UP and state universities

They came in droves with their pencils, erasers, snacks; lucky charms and prayers and wild and thumping nervous hearts filled with hopes and dreams.

The first person in line arrived at the University of the Philippines Diliman campus in Quezon City in the wee hours of the morning of June 3, at 1 a.m. to be exact, and slept in the car to avoid heavy traffic, said UP president Angelo Jimenez.

There were 104,000 senior high school students who applied for the UP College Admission Test (UPCAT) and on June 3 and 4, they trooped to the 102 testing centers all over the country, the first time again the pencil-and-paper test was held after three years of postponement due to the pandemic.

Of this, the university will only be able to accommodate 15,000 students for the freshman intake for the 2024-2025 academic year.

In the Diliman campus, UP hopefuls were everywhere, scattered all over the campus, some with their parents; others just alone with their wracking nerves. Cars were moving at a snail’s pace, although there were warnings about this legendary UPCAT traffic months ahead.

A friend and our former Graphics editor at the Philippine Collegian even thought of selling cakes and pastries to UPCAT takers that weekend to earn some extra cash because he knew the crowd would be huge.

Some UPCAT takers arrived for the morning test even before the sun was up, while others were found tired and in a daze after the exams. Some of them lingered at the UP Sunken Garden after the test which, during my student days back in the day, was my own “field of dreams and nightmares.” Perhaps, they were pondering if they did well.

One account online shared a photograph of the famed UP Oblation, that iconic symbol of the university. In a poignant caption, the owner of the account said he just finished his test and all he could do was to take a photograph of The Oblation because that was all he could have of UP. He felt he wasn’t going to make it to the country’s premiere state university, having found the entrance exam very difficult.

State universities

It really is a competitive process getting into UP, especially since then president Duterte signed in 2017 Republic Act 10931 or the Universal Access to Quality Tertiary Education Act which mandated free education in Philippine state colleges and universities.

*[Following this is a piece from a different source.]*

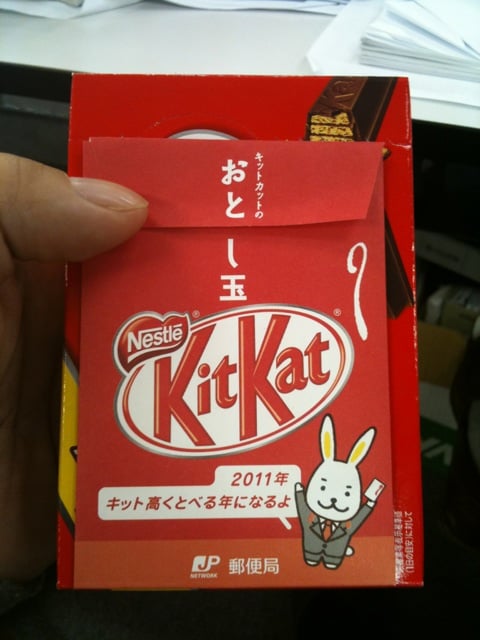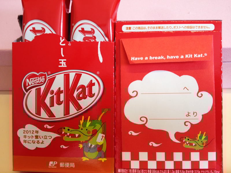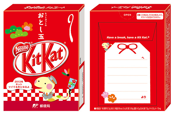 所以說,在年底期間,日本的郵局就是各種的忙、碌、到、不、行!要處理來自日本各地的大量賀年信件,除此之外還要負責銷售只有郵局限定的各式賀年商品,其中一項就是KitKat啦!如果以後妞妞們有機會在年末期間,到日本旅遊的話,記得可以查詢一下附近郵局的營業時間,然後進去買個新年限定的Kitkat~當場買完就可以寫在KitKat賀年卡上面,然後把它從日本的郵局寄回給台灣的親友,是不是超級棒的咧~

It is a reality in the Philippines that the average middle-class Filipino family still finds it difficult to send their children to private universities, what more the lower-income families. Lucky are those with rich parents who can send their sons and daughters abroad.

This now drives me to my point, which is that we need more quality state colleges and universities in the Philippines.

While there are more than 100 state colleges and universities in the Philippines, less than a dozen are in Luzon, if the information available on the internet is correct. And some are not as well-known when it comes to providing quality education.

The crowd of the latest UPCAT takers is enough indication that the Philippines really needs more quality state colleges and universities. The government can work on this by allocating a bigger budget for this sector to enable more research, attract better faculty and have better facilities.

I hope President Marcos will realize this emergency, this crisis in education.

Multigenerational

This way, many Filipino families will have other options. As it is now, many Filipino families want their sons and daughters to get into UP because it is the premiere university in the country. Perhaps many saw their own parents become who they are because of their UP education.

Growing up, I, too, saw in my own family the kind of nation-loving individuals the university produced. One of them was my grandfather, the late Jorge Gonzales. He was a hardworking family patriarch and a very kind hearted man who served his country to the best of his abilities. He was at one point the chief legal counsel of state-owned National Power Corp. It was amazing how he finished law, considering that the war disrupted schooling. While a Liberal Arts student, he also joined the Upsilon Sigma Phi fraternity in 1939 and became its Illustrious Fellow in 1949 when he was already a student at the UP College of Law.

His wife, my grandmother, the late Belen Gonzales, was a brilliant English professor in UP Diliman who also taught in UP Iloilo in her younger days. She graduated with a Bachelor of Secondary Education in 1941 in UP and obtained her Master of Arts degree in American Literature in the University of Minnesota.

She was teaching until she retired.

They were blessed with two sons, my father included, and two daughters who all went to UP as well and are servant leaders in their own right. I am the third generation UP graduate in our family and it was because of them that I, too, wanted to be in the university.

I hope in the future, we will have many more universities that would give this nation’s children quality education and teach them love of country, because inasmuch as I wish all UPCAT takers would pass the entrance test, the university just cannot accommodate them all. I hope Filipino children, their children’s children and so on, would have more options in the future.

The great Filipino dream after all is really to leave a legacy of quality education for the succeeding generation. I hope our government can help this nation of 114 million achieve that dream.